The presence or abundance of novel hybrids can have strong effects on management, especially biological control. Discovery of novel hybrids is relatively straightforward with careful morphological analysis or molecular analysis if parental species are allopatric. If parental native ranges overlap, more extensive native sampling will be needed to see whether the hybrid is only found in the invasion (e.g. Gaskin ).
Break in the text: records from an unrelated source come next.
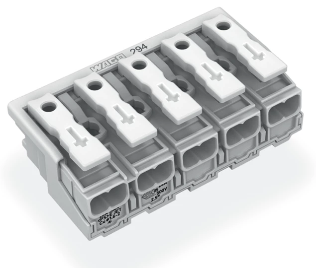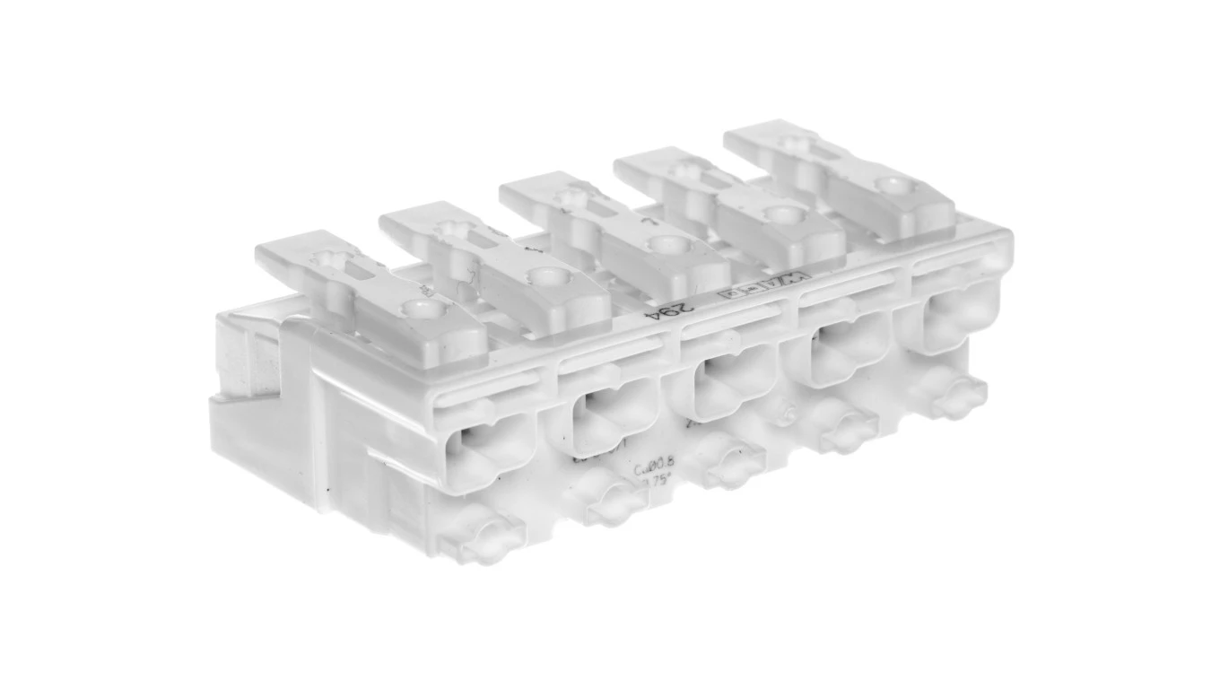 złączka zasilająca; przyciski: od strony zewn.; bez styku PE; 5-bieg.; od strony oprawy: do przew. jednodr.; od strony inst.: do wsz. rodz. przewodów; maks. 2,5 mm²; temperatura otoczenia maks. 85°C (T85); biały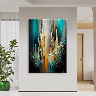 dipinto a olio fatto a mano su tela, decorazione da parete, architettura urbana, street art, astratto per arredamento d'interni, dipinto appeso su telaio teso/dipinto arrotolato senza cornice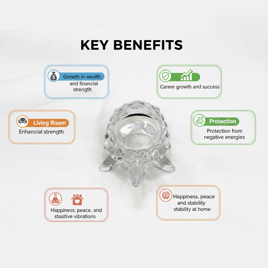 यह Clear Crystal Glass Tortoise वास्तु शास्त्र और फेंग शुई में अत्यंत शुभ माना जाता है।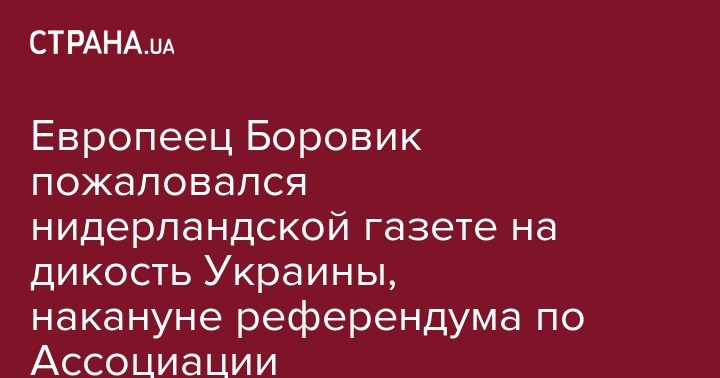 Депутат городского совета Одессы из команды председателя Одесской ОГА Саша Боровик накануне референдума в Нидерландах по вопросу соглашения об Ассоциации Украины и ЕС рассказал голландскому изданию о «неевропейской дикости» Украины. Об этом политик сообщил на своей странице в Facebook.

Though examples of intentionally bred hybrid trees becoming invasive are few, their existence suggests that we need effective risk analysis for breeding and importing hybrid plants, as adaptations for cultural use may also be adaptations for high fitness and invasion success. The themes of introduction are common: fodder, timber, ornamental use and landscape stabilization and show a pattern that further illustrates the need for careful introduction of non-native trees. The fact that none of the hybrid invasive tree taxa discussed here are the result of accidental introduction of parental or hybrid taxa shows that regulation of tree imports could stop most future hybrid tree invasions.

Conclusion

What we do not know about hybrid invasive trees limits our ability to control the invasion as a whole. Hybrid abundance can vary widely and in some cases has not been evaluated. That can hinder our ability to prioritize control of parental vs. hybrid taxa if such a distinction is desired. Knowledge of F1 vs. further hybrid generations is lacking in many cases, making it impossible to assess potential adaptation of hybrids via genetic assimilation of native traits and conversely genetic pollution of native parental taxa. Five out of 20 invasions included a native species as a parental taxon of the hybrid and these cases not only create novel hybrids but also lead to management and conservation issues such as genetic pollution and potential lack of co-evolved and thus highly host-specific biological control agents. Unintentional hybridization occurred in 10 out of 20 cases, which illuminates the risk of intentionally introducing exotic congeners without an evidence-based white list program. In many cases a clearer understanding of hybrid invasion processes and phenotypes, important knowledge in all invasions, will be required before we can develop effective management strategies.